Exercise prompt: Pictures are to be left out. Return exactly the lines below from the one with "из жизни класса." up to and including the one with "Bước 1: Hãy".

Extracted material:
▽
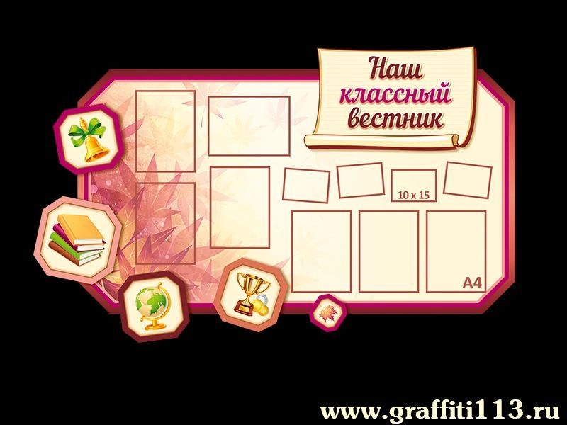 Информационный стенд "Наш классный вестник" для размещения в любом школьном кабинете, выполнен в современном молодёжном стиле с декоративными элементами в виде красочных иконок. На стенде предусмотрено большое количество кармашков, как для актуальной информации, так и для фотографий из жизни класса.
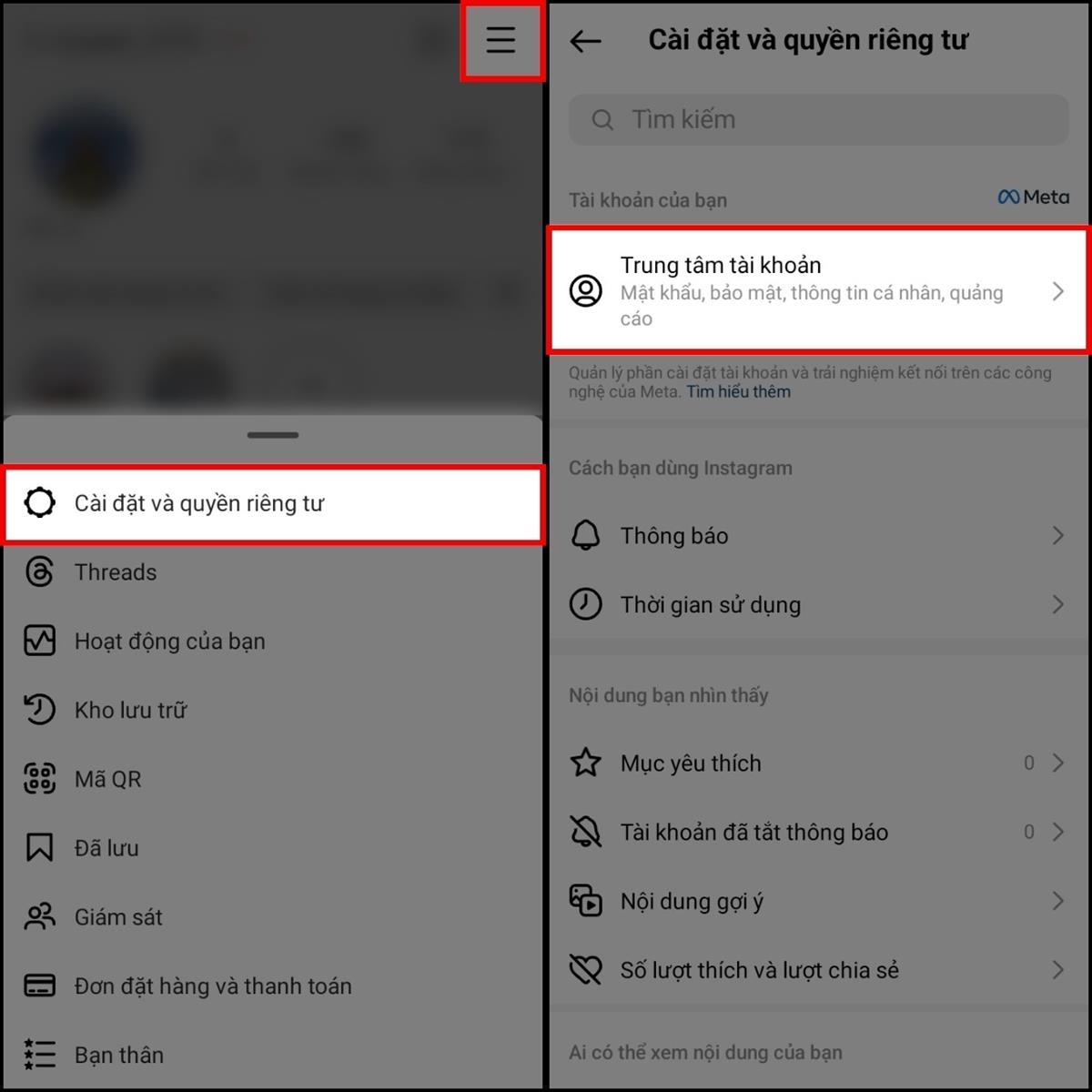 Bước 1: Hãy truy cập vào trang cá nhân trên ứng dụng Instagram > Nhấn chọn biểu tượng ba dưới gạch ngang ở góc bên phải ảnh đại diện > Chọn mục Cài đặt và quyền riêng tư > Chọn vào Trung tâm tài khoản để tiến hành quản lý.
△
▽
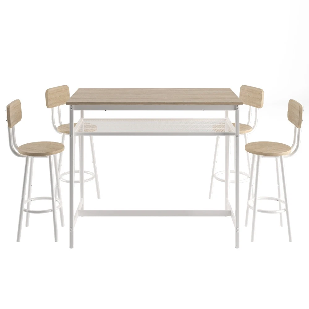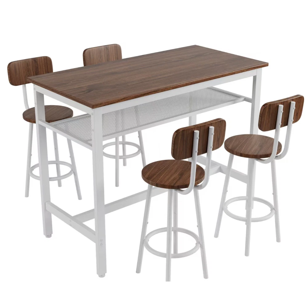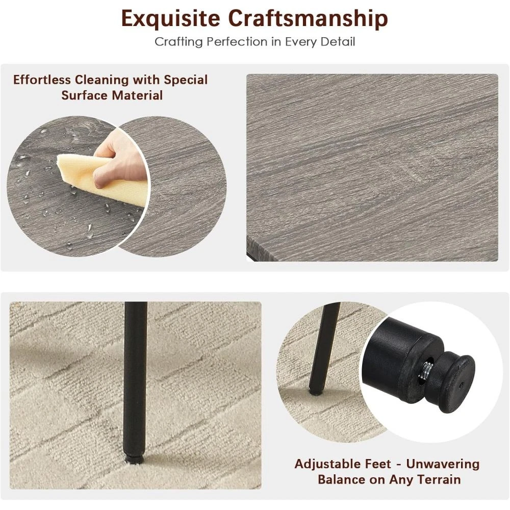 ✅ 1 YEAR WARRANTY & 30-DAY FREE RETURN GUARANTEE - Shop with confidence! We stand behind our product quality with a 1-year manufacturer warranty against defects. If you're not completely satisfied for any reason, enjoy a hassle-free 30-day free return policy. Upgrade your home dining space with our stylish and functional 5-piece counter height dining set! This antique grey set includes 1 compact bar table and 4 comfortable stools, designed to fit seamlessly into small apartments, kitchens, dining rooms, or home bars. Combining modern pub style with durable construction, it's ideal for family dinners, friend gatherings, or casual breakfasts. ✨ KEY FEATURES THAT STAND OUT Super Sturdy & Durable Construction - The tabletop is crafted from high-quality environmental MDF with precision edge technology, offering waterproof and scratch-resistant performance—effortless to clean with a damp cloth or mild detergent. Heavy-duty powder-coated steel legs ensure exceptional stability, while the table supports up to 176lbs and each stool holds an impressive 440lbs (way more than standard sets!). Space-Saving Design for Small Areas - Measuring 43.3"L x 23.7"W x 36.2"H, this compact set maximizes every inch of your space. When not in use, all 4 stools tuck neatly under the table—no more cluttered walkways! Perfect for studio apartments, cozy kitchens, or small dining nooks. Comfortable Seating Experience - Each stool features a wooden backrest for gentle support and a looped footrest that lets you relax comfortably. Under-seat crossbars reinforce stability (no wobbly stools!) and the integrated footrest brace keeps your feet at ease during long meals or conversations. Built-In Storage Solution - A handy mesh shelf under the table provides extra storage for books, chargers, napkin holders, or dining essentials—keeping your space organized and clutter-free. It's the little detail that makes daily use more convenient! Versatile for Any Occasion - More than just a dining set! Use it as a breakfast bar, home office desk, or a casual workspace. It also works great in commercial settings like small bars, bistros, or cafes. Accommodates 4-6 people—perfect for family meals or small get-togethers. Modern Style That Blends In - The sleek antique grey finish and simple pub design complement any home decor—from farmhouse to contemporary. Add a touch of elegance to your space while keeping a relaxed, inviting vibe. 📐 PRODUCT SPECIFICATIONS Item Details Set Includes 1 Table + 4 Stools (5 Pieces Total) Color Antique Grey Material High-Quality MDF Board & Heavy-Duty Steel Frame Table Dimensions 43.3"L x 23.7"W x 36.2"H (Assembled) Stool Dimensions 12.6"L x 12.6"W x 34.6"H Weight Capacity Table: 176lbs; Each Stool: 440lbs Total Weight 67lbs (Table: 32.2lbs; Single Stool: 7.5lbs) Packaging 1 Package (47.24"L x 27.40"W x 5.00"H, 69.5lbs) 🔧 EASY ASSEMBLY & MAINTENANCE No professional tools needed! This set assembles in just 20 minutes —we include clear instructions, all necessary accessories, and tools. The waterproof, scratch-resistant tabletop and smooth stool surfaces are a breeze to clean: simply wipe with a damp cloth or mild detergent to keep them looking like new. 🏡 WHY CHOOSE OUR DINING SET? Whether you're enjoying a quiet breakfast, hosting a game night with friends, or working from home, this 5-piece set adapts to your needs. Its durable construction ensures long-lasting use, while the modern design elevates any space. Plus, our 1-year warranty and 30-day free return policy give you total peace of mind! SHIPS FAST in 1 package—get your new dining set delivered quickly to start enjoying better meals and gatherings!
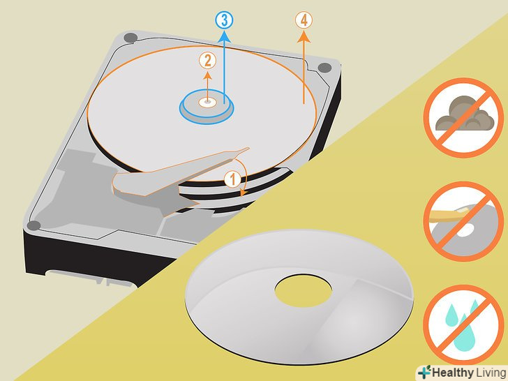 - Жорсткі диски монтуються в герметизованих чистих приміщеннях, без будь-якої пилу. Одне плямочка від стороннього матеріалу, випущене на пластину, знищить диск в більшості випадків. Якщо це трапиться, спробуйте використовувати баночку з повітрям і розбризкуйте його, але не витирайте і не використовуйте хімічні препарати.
△
▽
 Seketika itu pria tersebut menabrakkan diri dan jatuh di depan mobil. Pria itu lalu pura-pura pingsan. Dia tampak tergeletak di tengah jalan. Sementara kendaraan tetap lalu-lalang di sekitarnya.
△
Your response:
 Информационный стенд "Наш классный вестник" для размещения в любом школьном кабинете, выполнен в современном молодёжном стиле с декоративными элементами в виде красочных иконок. На стенде предусмотрено большое количество кармашков, как для актуальной информации, так и для фотографий из жизни класса.
 Bước 1: Hãy truy cập vào trang cá nhân trên ứng dụng Instagram > Nhấn chọn biểu tượng ba dưới gạch ngang ở góc bên phải ảnh đại diện > Chọn mục Cài đặt và quyền riêng tư > Chọn vào Trung tâm tài khoản để tiến hành quản lý.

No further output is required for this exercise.